The question that surfaced a few times during several meetings about a wind farm in Allen County: What’s in it financially for the county?
Simply put, it will provide peripheral income for landowners, short-term construction jobs, permanent employment for maintenance and management personnel and, eventually, property tax revenue.
Landowners first.
EDP Renewals, which will build and own up to 60 turbines in the wind farm, has acquired lease rights to more than 14,000 acres involving 60 landowners.
Leases give owners annual payments per acre. More to the point, landowners reap annual payments determined by each linear foot of transmission lines crossing their properties, similar payments for roads leading from public access to turbines, and, the bigger windfall, a payment for each turbine, based on megawatt output of the turbine, or about three megawatts each.
Turbine payments are the most substantial.

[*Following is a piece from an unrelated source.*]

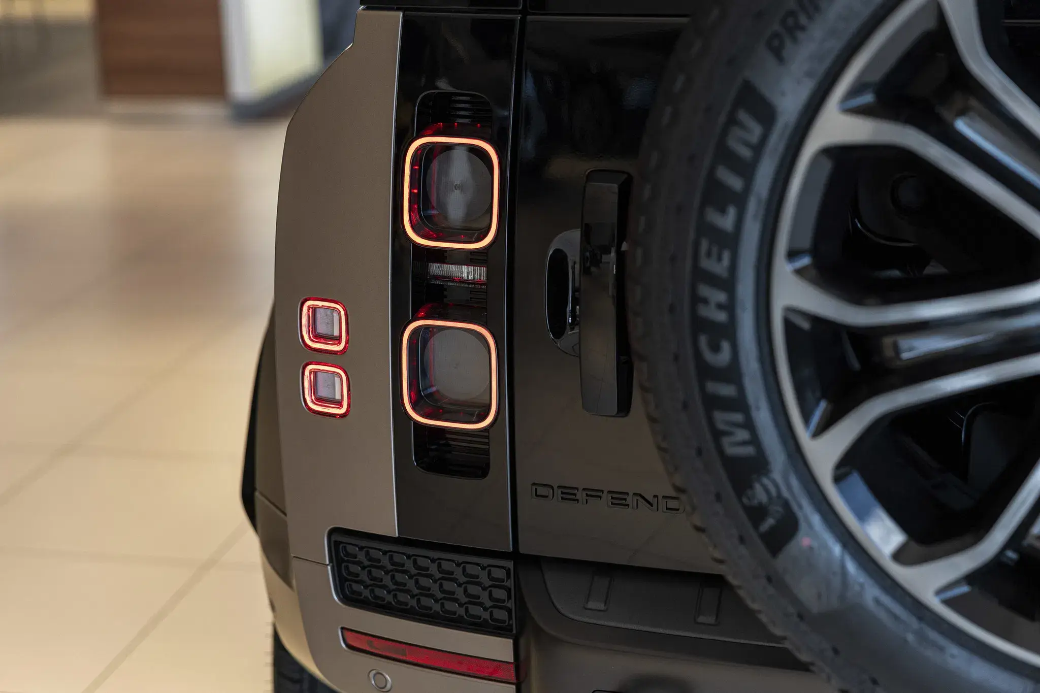 Nhiều chi tiết được sơn tối màu nhằm mang đến hiệu ứng thị giác mạnh mẽ. So với các phiên bản thông thường, Defender OCTA sở hữu cụm ống xả kép lộ thiên.

Stevee Kennard, project manager, declined to reveal what specific payments would be — there being a proprietary arrangement between EDP and landowners — but a single turbine and all factors associated with it would net a landowner in the neighborhood of $10,000 a year. That number came from a landowner who divulged it to the Register on condition of anonymity.
In addition to owners of leased land, landowners within the confines of the wind farm and adjacent to it will receive $300 a year as a goodwill gesture, as Rorik Peterson, EDP director of development, put it.

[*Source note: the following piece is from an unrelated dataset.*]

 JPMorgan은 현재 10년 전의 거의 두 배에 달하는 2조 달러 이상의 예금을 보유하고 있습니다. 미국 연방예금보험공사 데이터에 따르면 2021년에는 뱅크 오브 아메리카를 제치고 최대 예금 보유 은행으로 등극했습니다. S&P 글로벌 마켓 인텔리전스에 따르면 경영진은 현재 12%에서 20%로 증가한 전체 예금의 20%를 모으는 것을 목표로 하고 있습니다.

Peterson said several times that, once the wind farm goes online, 12 to 15 employees, trained in maintenance, repair and management skills, will work daily with needs of the wind farm.

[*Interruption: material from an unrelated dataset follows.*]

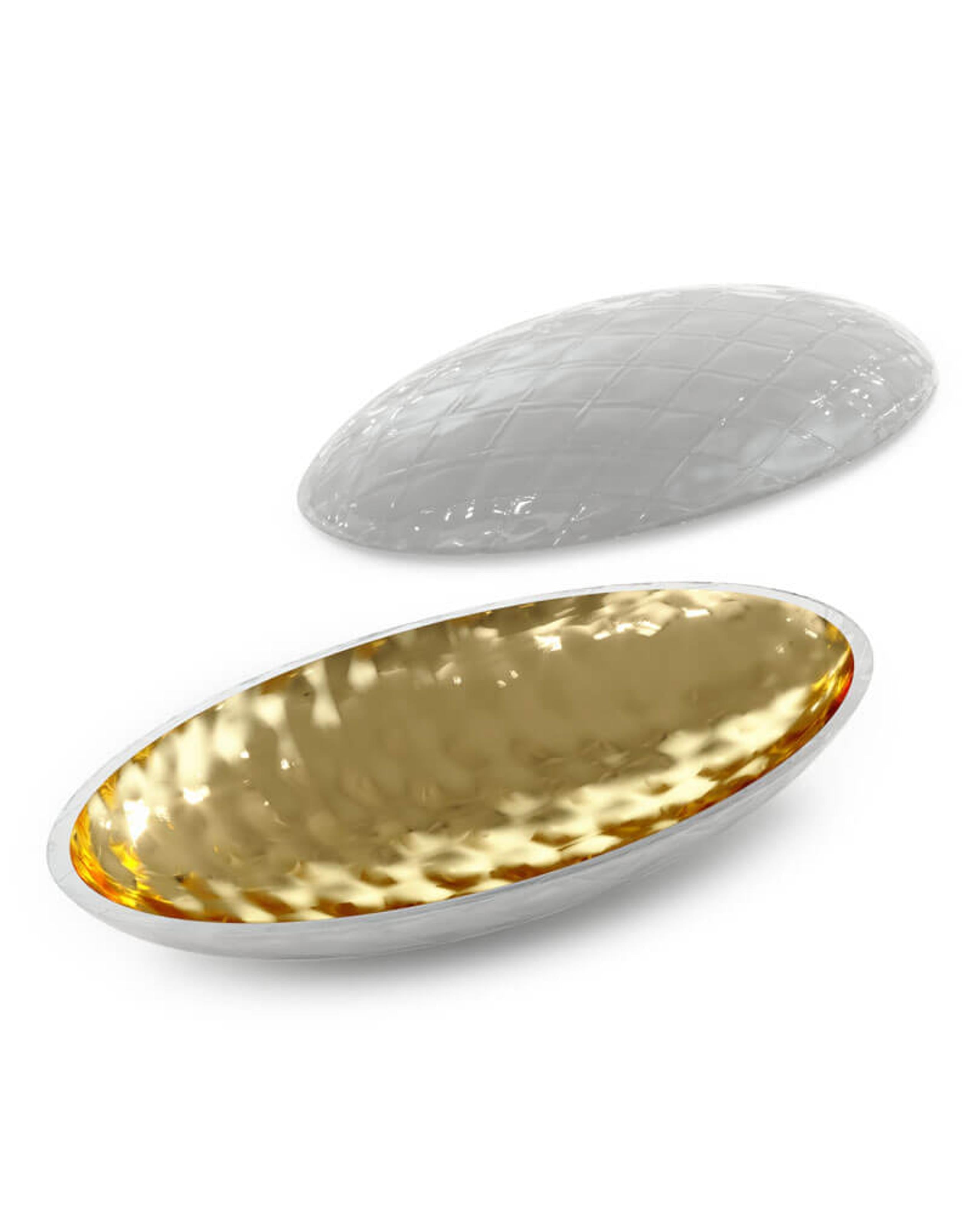 The Lustre Bowl Collection embodies the essence of refined simplicity. transforming sleek design into a captivating light display. Each piece begins with a hand-blown crystal glass bowl. artfully contrasted by nano-coated metal gilding on one side and a subtle color finish on the other. The suspended. organic shapes create a fluid wave of light. bringing a touch of elegance and modernity to any space. With its lustrous surfaces and contemporary design. the Lustre Bowl Collection serves as a stunning centerpiece that adds both style and radiance to your interior.

An opportunity to train potential employees at the Regional Rural Technology Center near LaHarpe has been mentioned. The presence of wind farms, here and in many other places, has mushroomed in recent years and attendant jobs have increased as well.
While whoever oversees and works with turbines may live anywhere, those attached to EDP’s in Allen County might well live locally and patronize local merchants.
Property tax revenue will be the biggest single financial advantage countywide.
Kennard said property tax models developed for EDP’s Allen County wind farm indicate that in year 11 of generation, the company’s tax bill will be $1.25 million.
Year 11 is significant because state law exempts wind farms from property taxes for 10 years. Previously, before legislators made the threshold change, wind farms had lifetime property tax exemptions.
Distinguishing between the two exemption periods is important.